In Bed with Hideo Nomo – Partie 1

Début d’une série d’articles sur une de mes idoles, le lanceur droitier Hideo "Tornado" Nomo, joueur majeur dans l’histoire des relations baseballistiques entre Japon et Etats-Unis. Vous doutiez-vous qu’avant le débarquement de la Tornade Nippone chez les Los Angeles Dodgers en 1995, peu d’Américains se doutaient qu’on jouait au baseball au Japon ? Au mieux, le championnat Japonais avait auprès d’eux  l’image d’une Minor League dans laquelle les vieilles stars MLB pouvaient grapiller leurs dernières piécettes avant de plier boutique.

Cela n’a pas empêché Nomo, l’un des meilleurs pitchers des Ligues Professionelles Japonaises à l’époque, de débarquer après sa saison 1994 suite à une petite entourloupe sur laquelle nous reviendrons et c’est grâce à sa motion pour le moins originale (son windup notamment) et à sa forkball bien tranchante qu’il deviendra le buzz des Majeures en 95…
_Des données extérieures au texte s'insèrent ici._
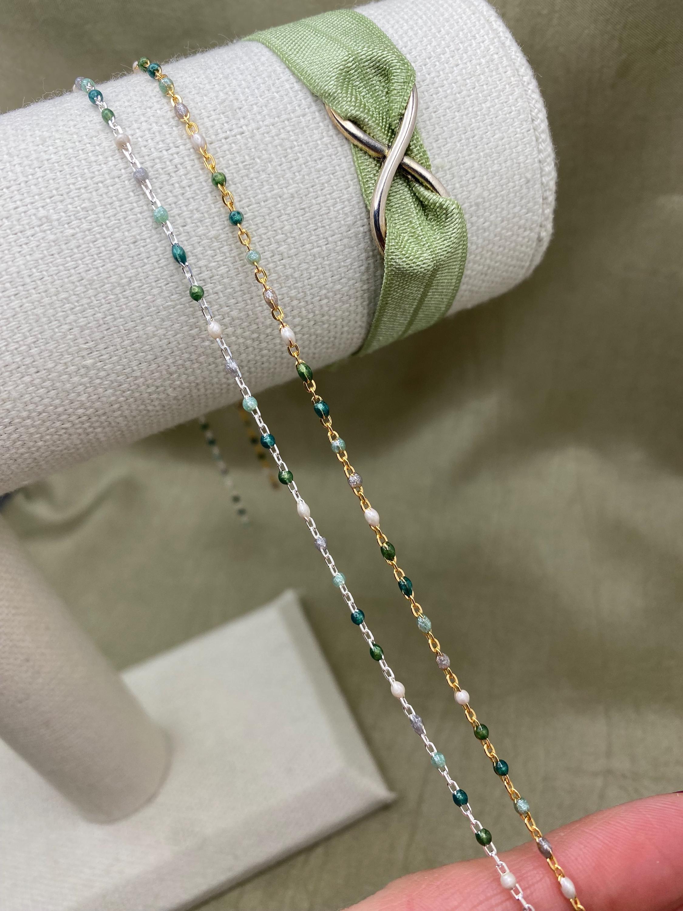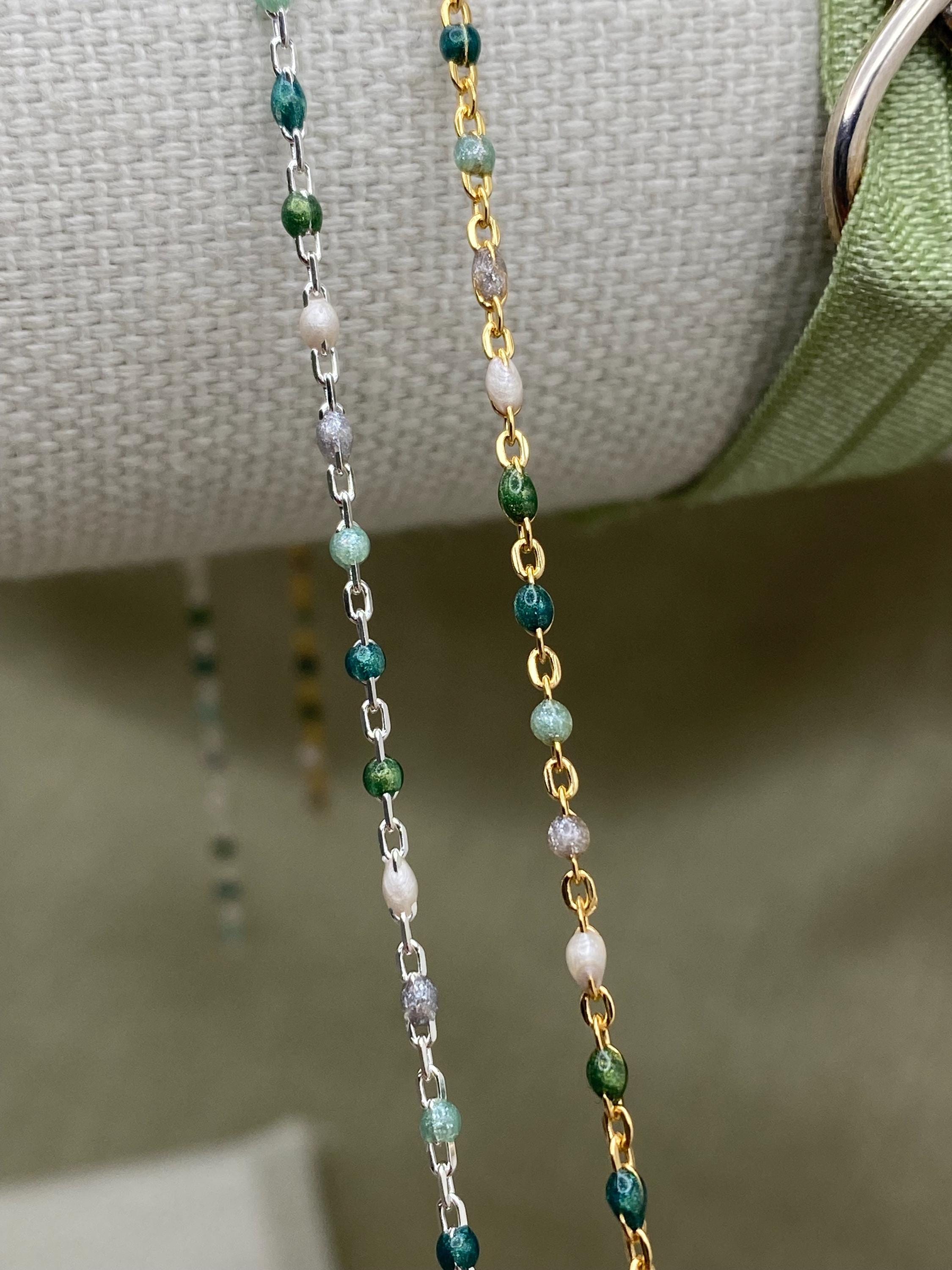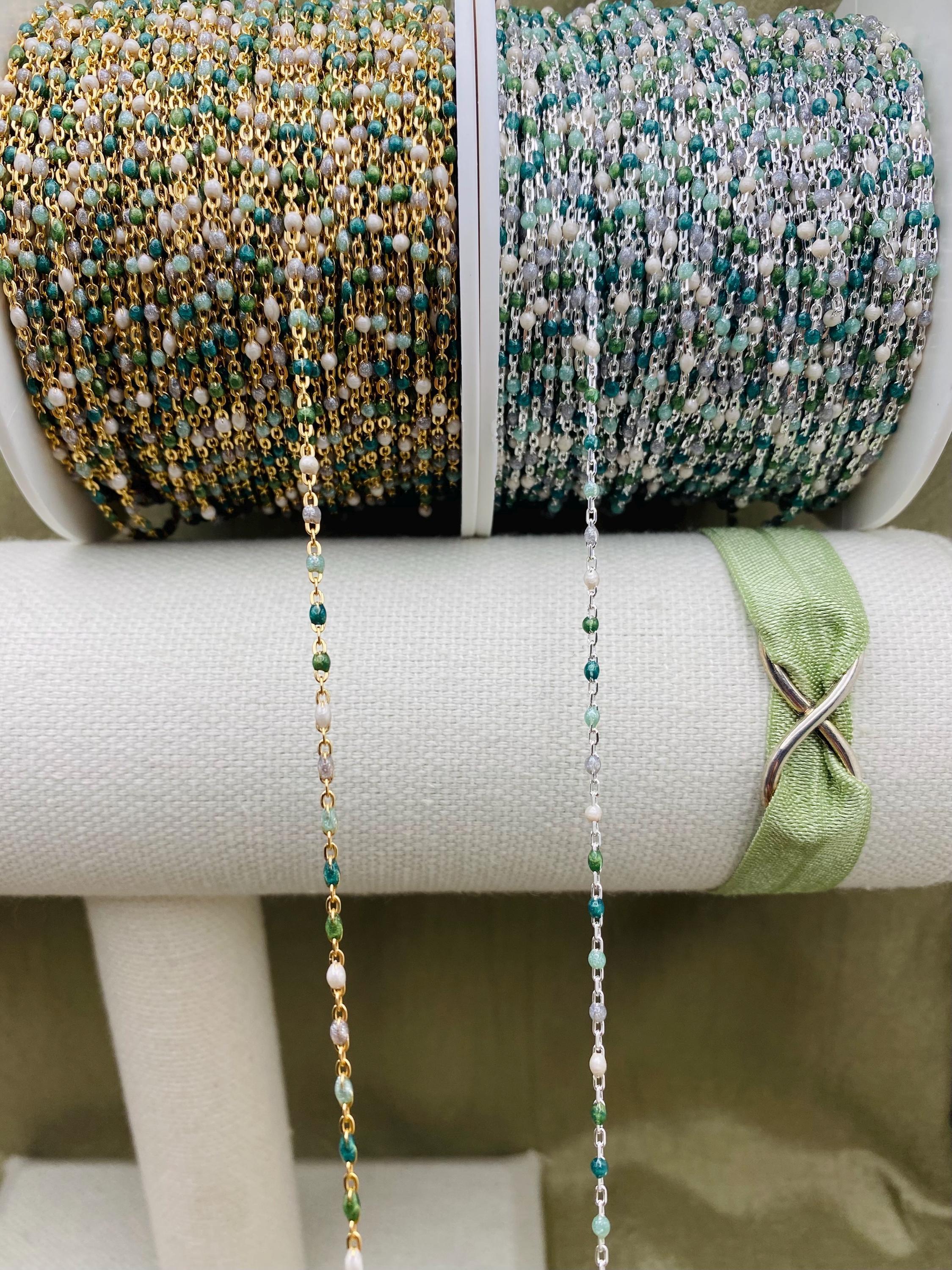 Our Glacier chain features 5 Pearlescent Colors: White, Grey, Blue, Blue Green and Sage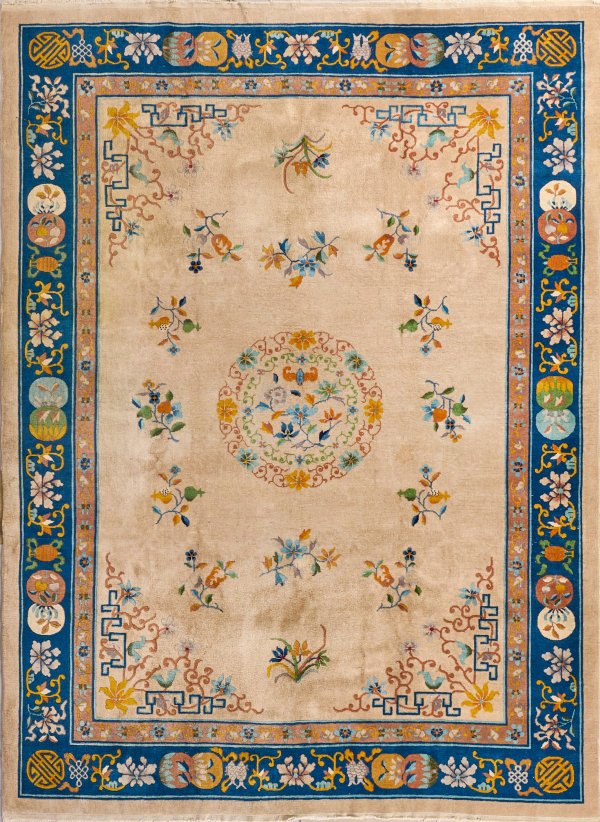 China. Wolle auf Baumwolle. Im beigefarbenen Innenfeld offen gestaltetes Rundmedaillon sowie entsprechende Ecklösungen, umgeben von lose gestreuten Blütenzweigen. Umlaufend blaue Hauptbordüre mit Shou-Symbolen und Päonienblüten. 327 cm x 242 cm.

A la fin du mois de mai de sa première saison US, le sieur Nomo Hideo (野茂 英雄) dominait la National League en terme de strikeouts à tel point qu’en juin, il fut élu “Pitcher of the Month” grâce entre autres à un record pour un “rookie Dodger” de 16 K dans un même game face aux Pirates de Pittsburgh (j’en entends déjà qui rigolent) et en juillet, avec une fiche de 6W-1L et un ERA de 2,79, il deviendra le lanceur partant de la Ligue Nationale lors du All-Star Game. Barry Bonds, en pleine bourre à l’époque, est bluffé : "Je n’ai encore jamais vu de lanceur comme lui. C’est juste impossible de frapper sa balle, surtout avec sa motion bizarre. On n’a pas la moindre idée de ce qui va arriver."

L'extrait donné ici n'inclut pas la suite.